This blog recaps the February 6th vLLM Office Hours, where our host Michael Goin was joined by Roger Wang, a vLLM committer from Roblox, to discuss the new multimodal capabilities in vLLM V1.

vLLM V1: Accelerating Multimodal Inference for Large Language Models

In the AI space, efficient inference isn’t just about speed, it’s about flexibility, scalability, and the ability to seamlessly handle diverse data modalities - beyond just text. vLLM has emerged as the open source standard for serving language model inference, supporting models from Hugging Face and beyond across a wide array of hardware. With robust support for GPUs, TPUs, and even CPUs, vLLM is paving the way for next-generation multimodal applications.

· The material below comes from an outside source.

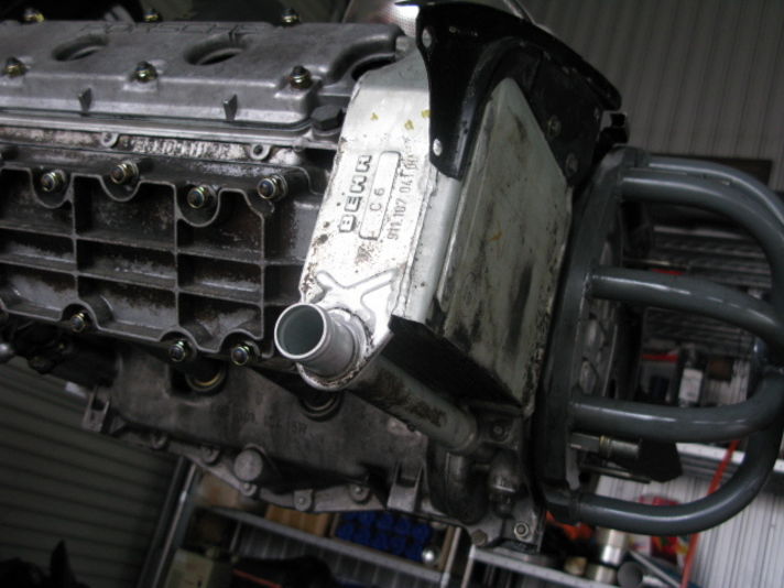 エンジン本体が組みあがり 周りの物を取り付けていきます 手前に見えているホースはカムホースです 真中の写真はエンジンの後ろ側のオイルクーラーです ナローや930の初期モデルはこのオイルクーラーしか付いてなく フロントのオイルクーラーがオプションの時代もありました 私の74カレラも新車当時装着されていなく オプションで付けられたと聞いています......昔は渋滞 停滞も無くフロントのオイルクーラーも要らなかったのですね(笑) |

In this article, we dive into the innovations behind vLLM V1 (V1 Alpha), which addresses the challenges of multimodal inference encountered in V0. We’ll explore the design decisions that enhance performance, from encoder caching to optimized data processing and share benchmark results that highlight the improvements. Finally, we’ll outline our vision for future work to further push the boundaries of efficient, scalable AI.

About vLLM

vLLM is the go-to open source model serving framework for LM inference. Its design emphasizes:

Speed and Ease of Use: vLLM works out-of-the-box with models from Hugging Face and supports dozens of key models.
Hardware Versatility: Built on PyTorch, vLLM isn’t limited to Nvidia GPUs, it extends support to AMD GPUs, Google TPUs, AWS Accelerators, Intel accelerators, and even CPUs.
Beyond Text-Only Models: Today’s applications demand multimodal capabilities. vLLM now supports not only text but also images, audio, and video inputs—enabling tasks like document parsing, object recognition, video understanding, and computer-use.
Advanced Inference Optimizations: With features like quantization, chunked prefill, and prefix caching, vLLM is continually optimized for both high-throughput and low-latency inference.

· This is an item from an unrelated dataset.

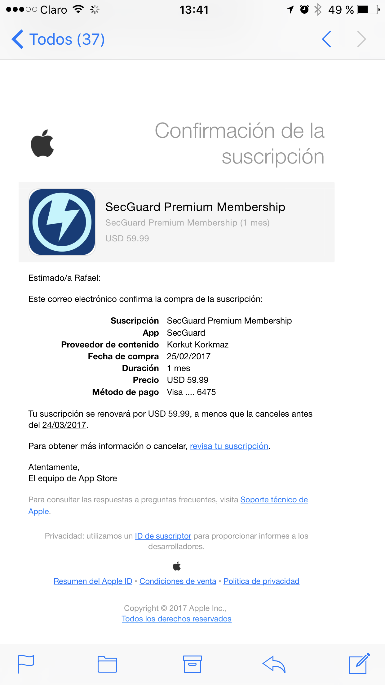Me cobraron 59,99$
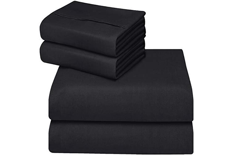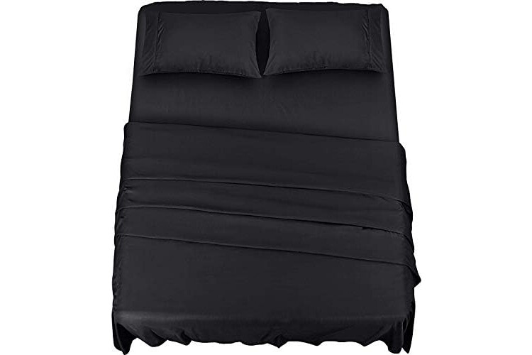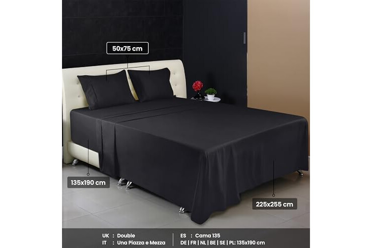 Utopia Bedding Juego de Sabanas 4 Piezas 135x190 - Poliéster Microfibra Cepillada - Oeko-Tex Certificado - Sábana Bajera, Sábana Plana y 2 Fundas de Almohada 50x75 (Cama 135, Negro)

Overview of Large Multimodal Models

Modern large multimodal models typically leverage a decoder-only language model (LM) backbone paired with an encoder for non-text modalities. In practice, when you provide an image or audio clip, it’s first transformed into embeddings by a dedicated encoder. These embeddings are then merged with text embeddings and fed into the decoder LM.

For example:

LLaVA: Uses CLIP to encode images into embeddings before merging them with text.
Qwen2-Audio: Uses a Whisper audio encoder to process audio inputs, which are then merged with text embeddings for decoding.

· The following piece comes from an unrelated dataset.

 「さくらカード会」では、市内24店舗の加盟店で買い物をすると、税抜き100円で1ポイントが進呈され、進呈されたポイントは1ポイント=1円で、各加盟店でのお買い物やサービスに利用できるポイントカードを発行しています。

vLLM’s flexible architecture now supports this diverse range of inputs, setting the stage for richer, more capable multimodal applications.

What Went Wrong in vLLM V0

While vLLM V0 set the foundation, it wasn’t without limitations, especially when dealing with multimodal inputs:

Chunked Prefill Challenges

Chunked prefill allows prompts to be partially prefilled so that long requests don’t block the entire decoding process of existing requests. For example, with three incoming requests (R1, R2, R3), R1 and R2 might be fully prefilled, while only a portion of R3 is prefilled initially. This staggered approach keeps latency in check.

However, multimodal embeddings are continuous by nature and cannot be broken into discrete tokens to be incrementally produced. If an image produces 10 embeddings but only 2 tokens are reserved in a prefill chunk, a shape mismatch occurs. Early designs assumed a direct merge into text embeddings, which proved problematic.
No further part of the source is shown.